For those of you wondering where on earth the bona fide research language that was slipped into CIPA comes from, take a look at People v Heath Daniel Woodward, 116 Cal. App. 4th 821 (2004)
This case focuses on California law, and gives a decent background on how the law developed here and in other states, citing 400 E. Baltimore St., Inc. v. State (1981) 49 Md. App. 147 and United States v. 31 Photographs (S.D.N.Y. 1957) 156 F. Supp. 350 for the derivation of bona fide research ... also discussion of legitimate scientific medical or educational activities.
The upshot for defendant Woodward, who was prosecuted not only for possession of child porn but also for lewd conduct with his young daughter: his convictions were upheld.
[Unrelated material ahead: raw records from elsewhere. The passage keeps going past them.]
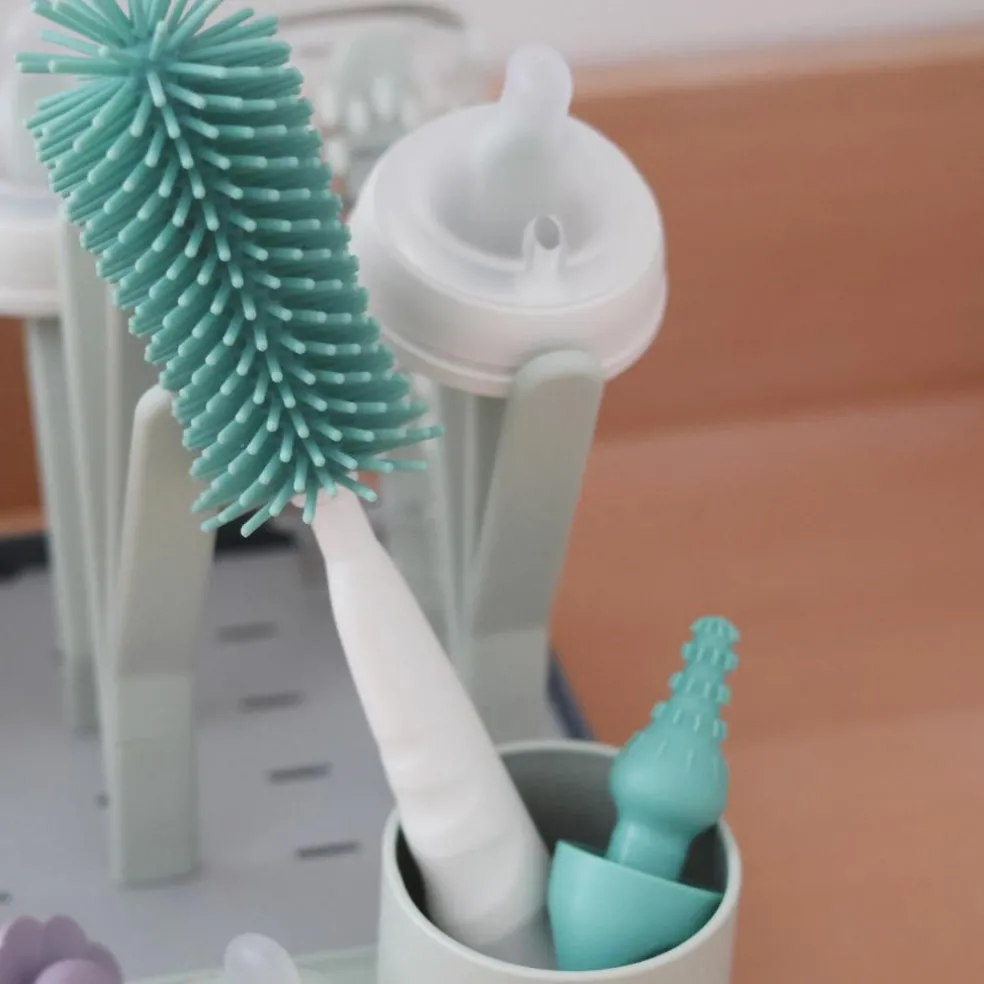 – Le goupillon est équipé d’un mini embout intégré, souple et texturé, idéal pour nettoyer les tétines et les petits accessoires.
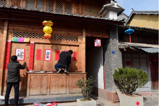寫春聯(lián)繪年畫的傳統(tǒng)在劍川縣金華鎮(zhèn)由來已久,明朝洪武年間改土歸流和移民屯邊制度的推行,使儒家文化、理學思想逐漸融入邊疆人民的生活。金華古鎮(zhèn)居民受此影響,走上追求仕途功名的道路,文人鄉(xiāng)紳都以顯示儒學身份為榮。每逢春節(jié),人們會邀請有功名的仕子或傳學明經(jīng)的文人來到家中,撰寫對聯(lián),同時根據(jù)時令畫上一兩幅門神畫,希望通過此舉祈愿自家后生求得功名。如今走在金華古鎮(zhèn)西門街上,仍能看到家家種花養(yǎng)草,戶戶楹聯(lián)盈門,一派文風蔚然的生機。
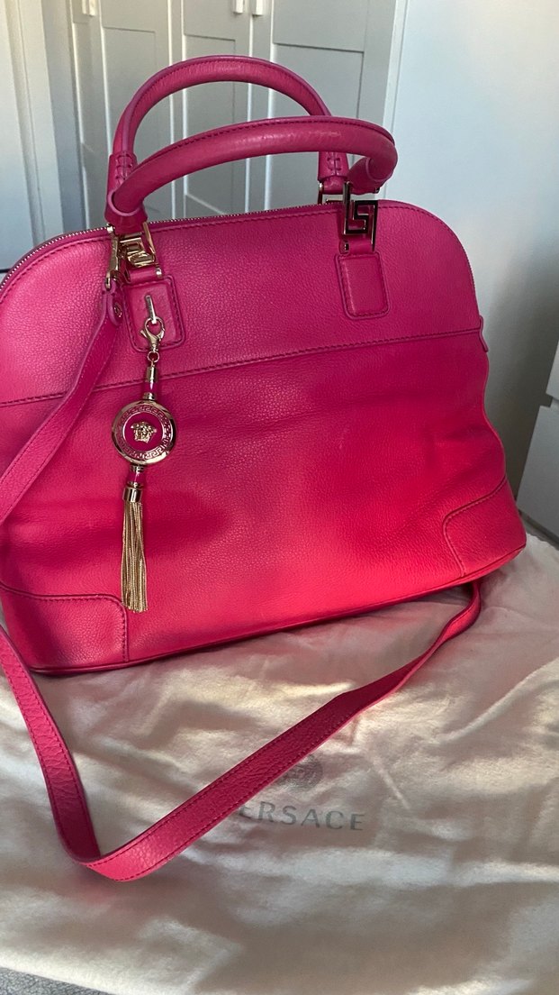 Püsküllü detaylı, parlak pembe deri kadın çanta. Baskılı desenli, VERSACE Orijinal markalı. Modern klasik ve Paris tarzı, günlük kullanım için uygundur. Etiketi mevcut fakat kopmuş , arkası beyaz görülmeyen bir leke var ama o sorun değil

The appeal was based in part on the lack of a jury instruction to consider the child pornography posession as an aid to legitimate scientific or educational purposes.
The Appellate court found that the lack of such instructions was not prejudicial..."A reasonable jury would not have found defendant's involvement with, and long-term possession of, child pornography to be legitimate scientific or educational research. Had the jury been given the instruction without the additional instructions, it was not reasonably probable that an outcome more favorable to defendant would have resulted." (Opinion by Butz, J., with Scotland, P. J., and Sims, J., concurring.)